▶ _Exercise aim_
Your response to the data below should hold nothing except the lines from the one containing "As shown in Figure 8a, the" down to the one containing "Pure Curcuma Longa", reproduced exactly and without pictures.

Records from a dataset
-- Opening Marker --

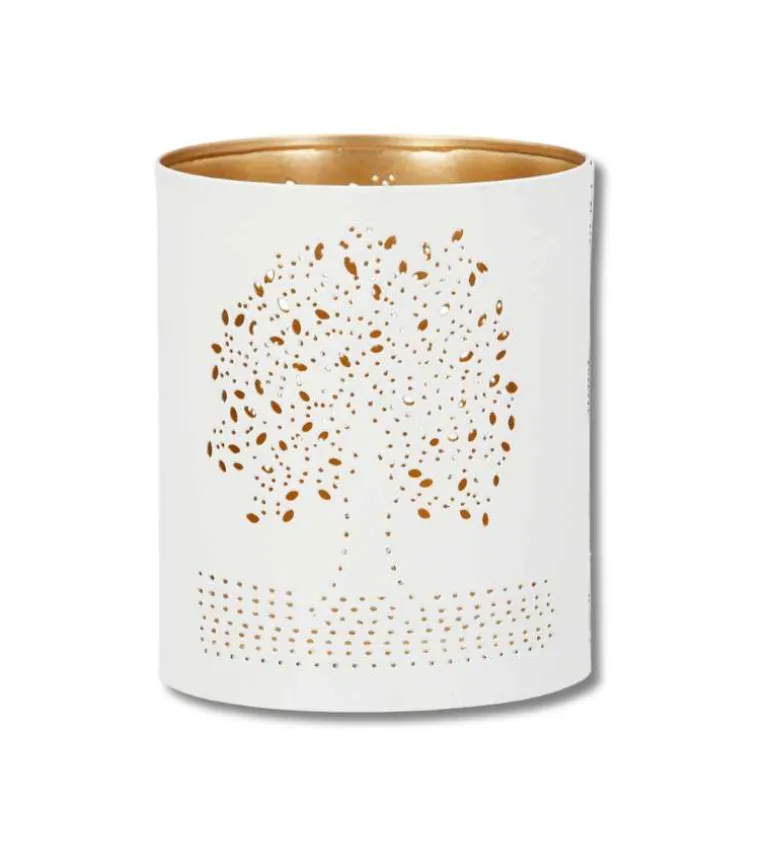 Livets træ præget ind i en lille fin hurricane stage i metal, der er hvid på ydersiden og guld på indersiden.
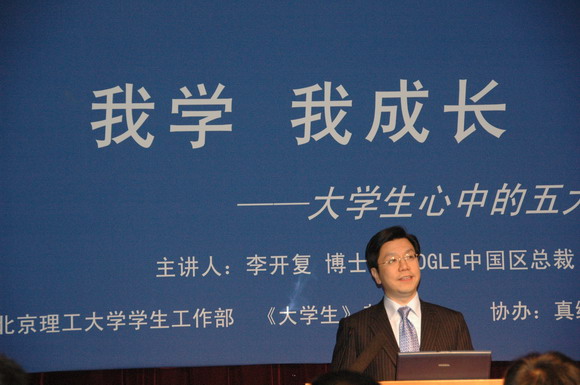2007年12月7日晚7点“聆听智慧”名家论坛第二十三期在中教报告厅举行。Google全球副总裁、中国区总裁李开复博士为北理工师生做了主题为“我学我成长——大学生心中的五个问题”的报告。
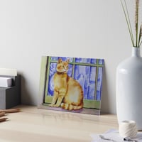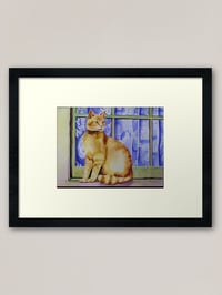 Ginger colored cat in a window with lace curtain behind the subject. "Rusty the Cotswold Cat" so named because while on a visit in Britain I saw a cat like this and was inspired to create this painting
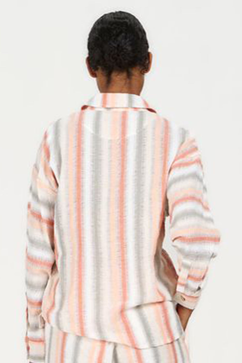 Je kunt deze top zowel sportief als netjes dragen. Op een zomerse dag is het heerlijk dat de blouse lekker luchtig is. De strepen zijn perzikroze, steenrood, saliegroen, creme en wit.
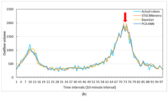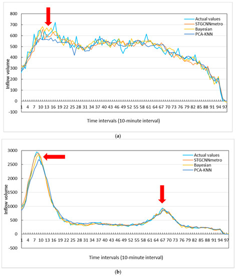 As shown in Figure 8a, the STGCNNmetro model better predicts the actual values of passenger inflow volume for the non-working day than the Bayesian and PCA-kNN models. Between 8:30 and 9:30 a.m. (see the red arrow in Figure 8a), the predictions of the STGCNNmetro model are obviously superior to those of the Bayesian and PCA-kNN models. The predictions of the Bayesian model are too large, while those of the PCA-kNN are too small. As shown in Figure 8b, all three models effectively predict passenger inflow volume for the working day. However, in the morning and evening peaks, the predictions of the STGCNNmetro model are superior (see the red arrow in Figure 8b).
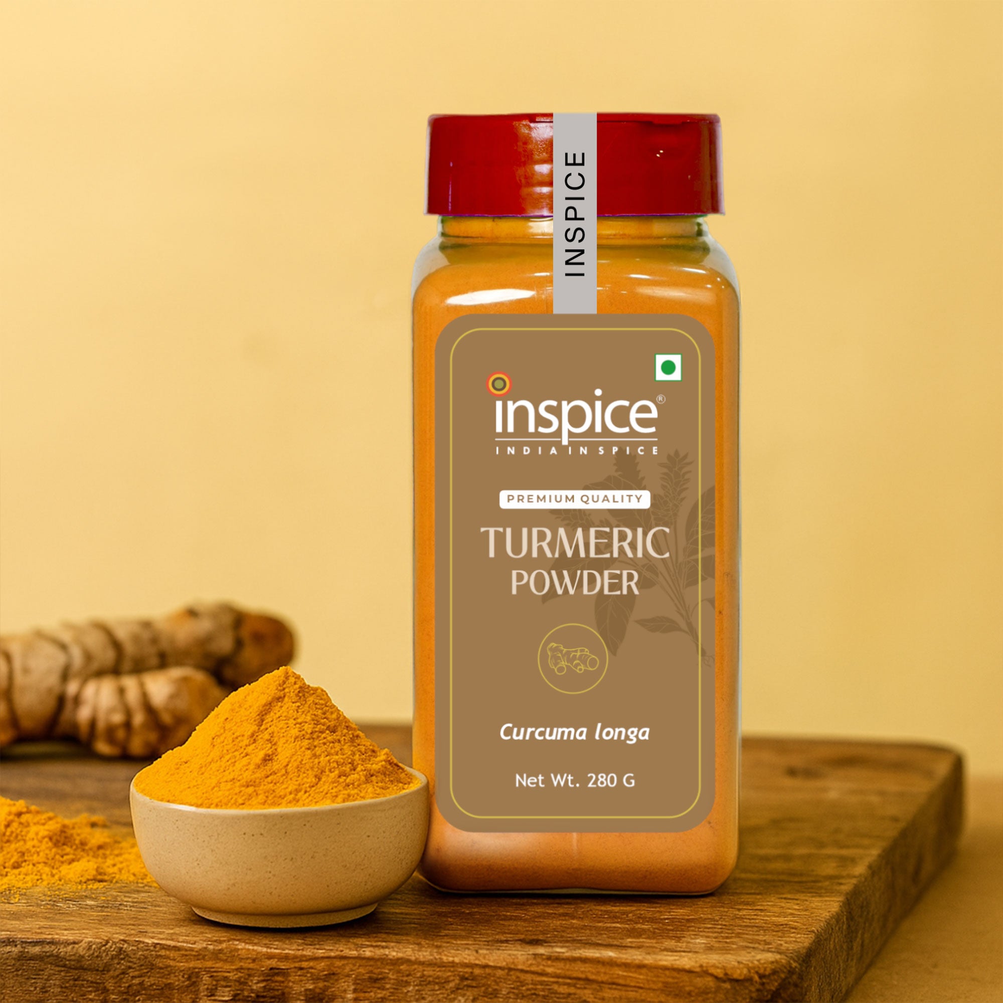 Pure Curcuma Longa turmeric powder by Inspice. Rich colour, strong aroma, and natural freshness for cooking, health drinks and daily Indian recipes.
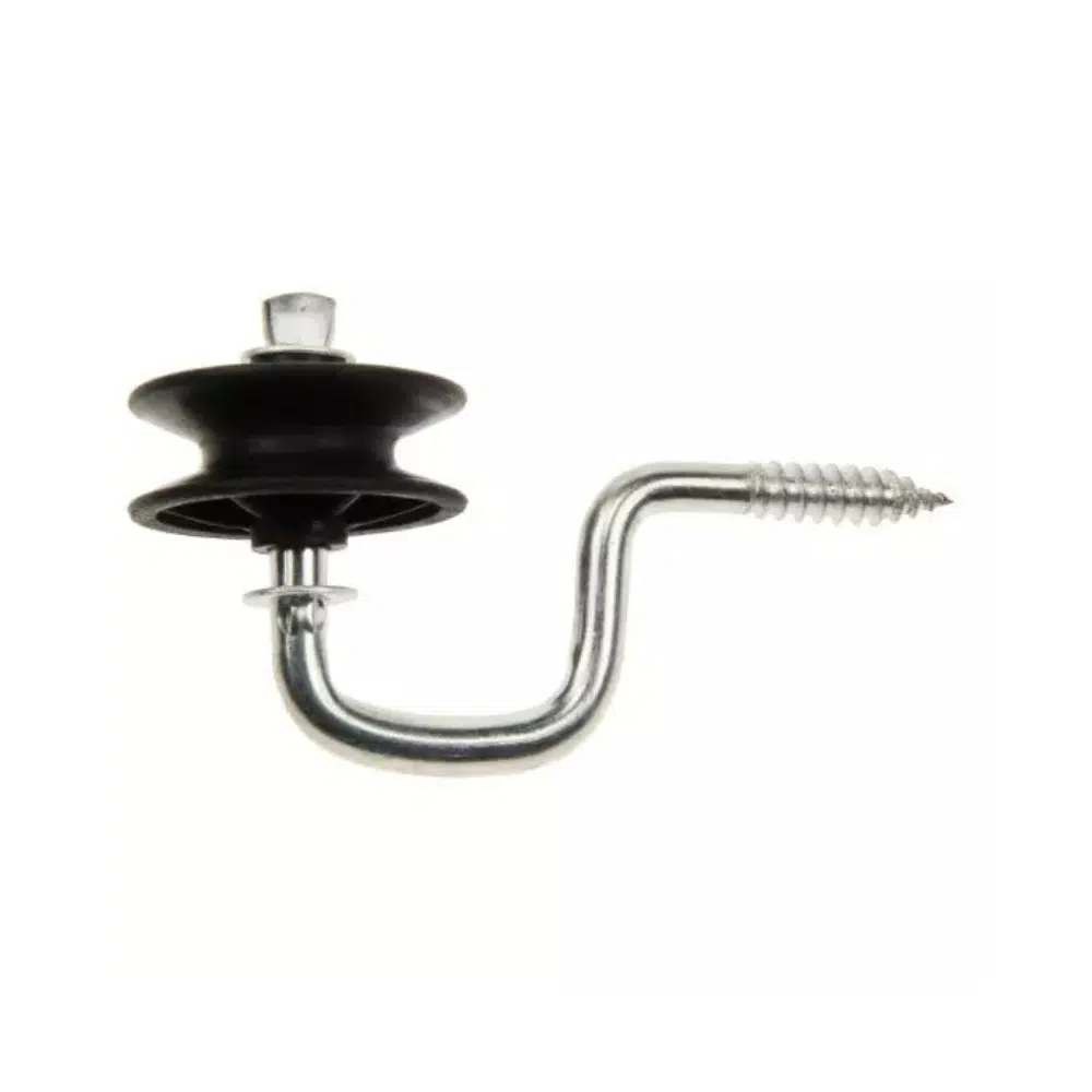 Zeer stevig uitgevoerde isolator met rol voor het geleiden van draad en koord door de hoeken. Deze rol-isolator is geschikt om allerlei soorten draad en koord de hoek door te geleiden, de steun is 7mm dik en voorzien van houtdraad.

-- Closing Marker --

▶ _Result of the exercise_
 As shown in Figure 8a, the STGCNNmetro model better predicts the actual values of passenger inflow volume for the non-working day than the Bayesian and PCA-kNN models. Between 8:30 and 9:30 a.m. (see the red arrow in Figure 8a), the predictions of the STGCNNmetro model are obviously superior to those of the Bayesian and PCA-kNN models. The predictions of the Bayesian model are too large, while those of the PCA-kNN are too small. As shown in Figure 8b, all three models effectively predict passenger inflow volume for the working day. However, in the morning and evening peaks, the predictions of the STGCNNmetro model are superior (see the red arrow in Figure 8b).
 Pure Curcuma Longa turmeric powder by Inspice. Rich colour, strong aroma, and natural freshness for cooking, health drinks and daily Indian recipes.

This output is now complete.